Exigences minimales Plus la planification est détaillée, plus la rationalisation est poussée, plus rapide seront les travaux, affirme Maryse Scholtes. Pour la Maison du savoir, les estimations pour la durée du chantier sont de 36 mois. « D’après ma perception de l’ambiance politique dans ce dossier, je suppose que le projet de loi devrait encore pouvoir passer les instances législatives et être voté avant la fin de l’année, » espère le ministre des Travaux publics. Ce qui, avec un début des travaux en 2009, mènerait effectivement à 2012, tel qu’annoncé, pour une rentrée académique à Belval, car tous les autres bâtiments seront moins complexes et moins chers à construire (de 40 à 100 millions d’euros, selon l’envergure et la technicité du programme). Michael Scheuern résume les besoins minimaux pour que cela soit imaginable, pour que l’Université puisse fonctionner : il faudrait au moins deux bâtiments pour la recherche théorique, sciences humaines et ingénierie, la Maison du savoir bien sûr, qui abritera les auditoires et le rectorat, et au moins un bâtiment pour la recherche en laboratoire… La Maison des sciences naturelles et celle des matériaux sont dans leur phase de programmation, elles sont les plus complexes (cette recherche est encore jeune à l’Uni.lu, difficile à se projeter dans dix ans) et coûteuses, vu les besoins en équipements complexes. Une Bibliothèque universitaire de 12 000 mètres carrés sera parallèlement aménagée par Hermann [&] Valentiny dans la Möllerei.
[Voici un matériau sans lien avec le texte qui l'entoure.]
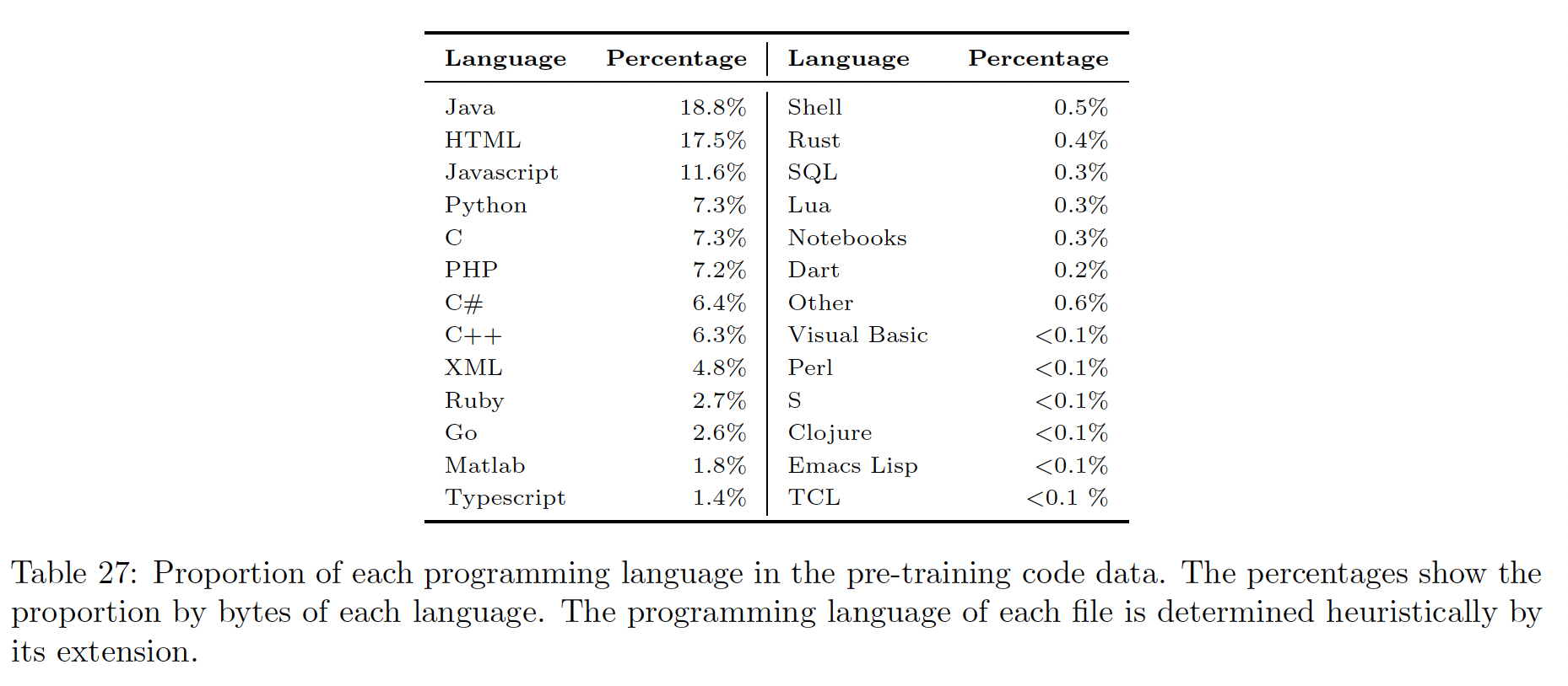 代码数据是从 GitHub 上的开源 repositories 中获得。我们通过 license 来过滤文件。此外我们根据文件名过滤文件,从而限制在 24 种常见的编程语言之一,包括 Java, HTML, Javascript, Python, PHP, C#, XML, C++, C 。最终得到 196 GB 的源代码数据。此外,我们根据文件之间的 Levenshtein 距离去除重复的文件,因为已知重复的文件在源代码库中很常见。
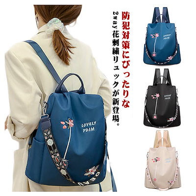 刺しゅう 防犯リュック 大容量 リュックサック 2WAY 小さめ 撥水加工 フラワー刺繍 バックパック デイバッグ A4サイズ ラウンドファスナー エスニック 森ガール プレゼント かわいい おしゃれ

De l’architecture L’Université du Luxembourg à Belval est aussi une question de symboles et de standing, donc pas question de faire du préfabriqué comme tant d’universités nouvelles à l’étranger. Les bâtiments doivent avoir une certaine qualité architecturale, pouvoir faire contrepoids aux hauts-fourneaux monumentaux qu’ils jouxtent ainsi qu’au prestige affiché du bâtiment que Claude Vasconi a construit pour Dexia-Bil. Que Christian Bauer, co-lauréat de la Maison du savoir, ait présidé le jury pour la Maison des sciences humaines prouve la volonté de préserver une certaine unité de tous les bâtiments de la Cité des sciences. 
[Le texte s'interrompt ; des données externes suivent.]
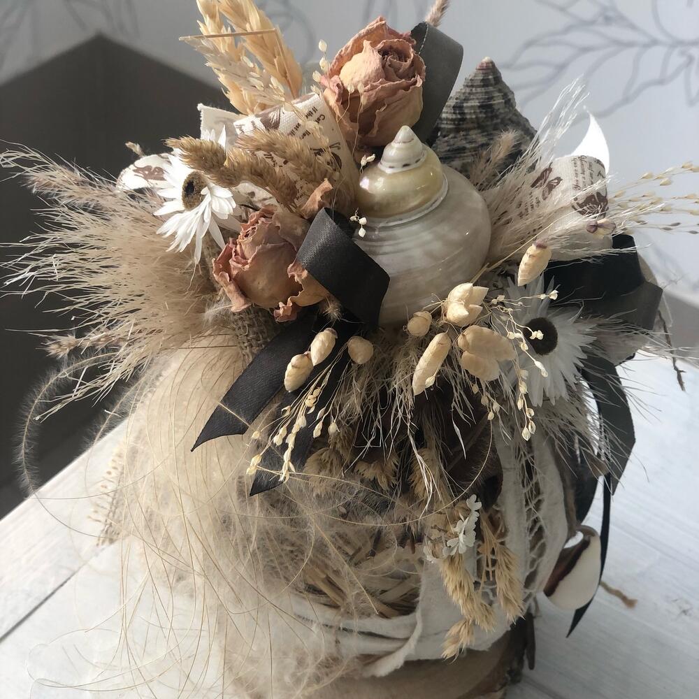 декоративные ленты – 2 шт.букет из сухоцветов – 3 шт.Палочки корицы – 3 шт.набор ракушек – 1 шт.ковыль пучок сухоцвет – 3 шт.Лента хлопок – 3 шт.бриза пучок – 2 шт.Гелихризум – 3 шт.Наполнитель стружка – 2 шт.спил дерева – 1 шт.
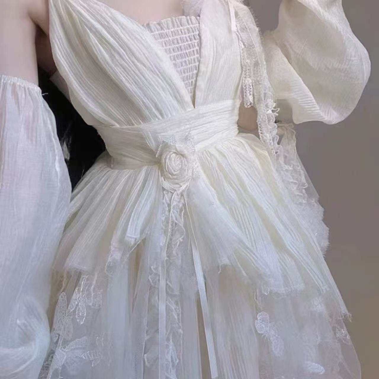 【ロリータ】ランナウェイプリンセスのような優雅さを纏う、フレンチベージュのフェアリードレス。バタフライモチーフとシャネル風デザインが上品で、ヴィンテージ感漂うティーブレイクスタイル。軽やかなスカートが動くたびにふんわり揺れ、夢のような気分にさせてくれます。

« Pour nous, soulignait le ministre de l’Enseignement supérieur, François Biltgen (CSV) lors de la présentation du projet samedi, il est essentiel d’obtenir un ensemble harmonieux ici ». C’est pourquoi les contraintes étaient nombreuses : outre le programme, l’enveloppe budgétaire à respecter et la taille de la parcelle allouée, le gabarit maximal, des obligations d’écologie et de frais de fonctionnement, voire même de matériaux de la façade, devant être minérale étaient fixés d’office. Du projet lauréat, de Tatiana Fabeck [&] Abscis, que les architectes décrivent comme « micro-ville dans la ville », le jury a apprécié la simplicité, l’efficacité ainsi que la lisibilité immédiate des fonctions dans un bâtiment central avec quatre tours. 
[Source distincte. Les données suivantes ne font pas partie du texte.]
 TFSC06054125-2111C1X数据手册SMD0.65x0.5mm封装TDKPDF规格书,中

« Ces concours, estime Michael Scheueren, sont très importants pour le projet. D’ailleurs j’ai remarqué que plus ils sont contraignants, plus les idées sont astucieuses. » Il a contribué à l’élaboration des programmes de construction, puis aux pré-jurys qui ont défini les huit bureaux participant à chacun des concours. Et promet que, après les dernières remarques qui seront faites ces jours-ci par rapport à l’APD et au texte du projet de loi, l’Université s’imposera la discipline de ne plus y changer ne serait-ce qu’un iota, car ce sont ces changements de programmes qui freinent et font souvent exploser les budgets des lycées et autres bâtiments publics.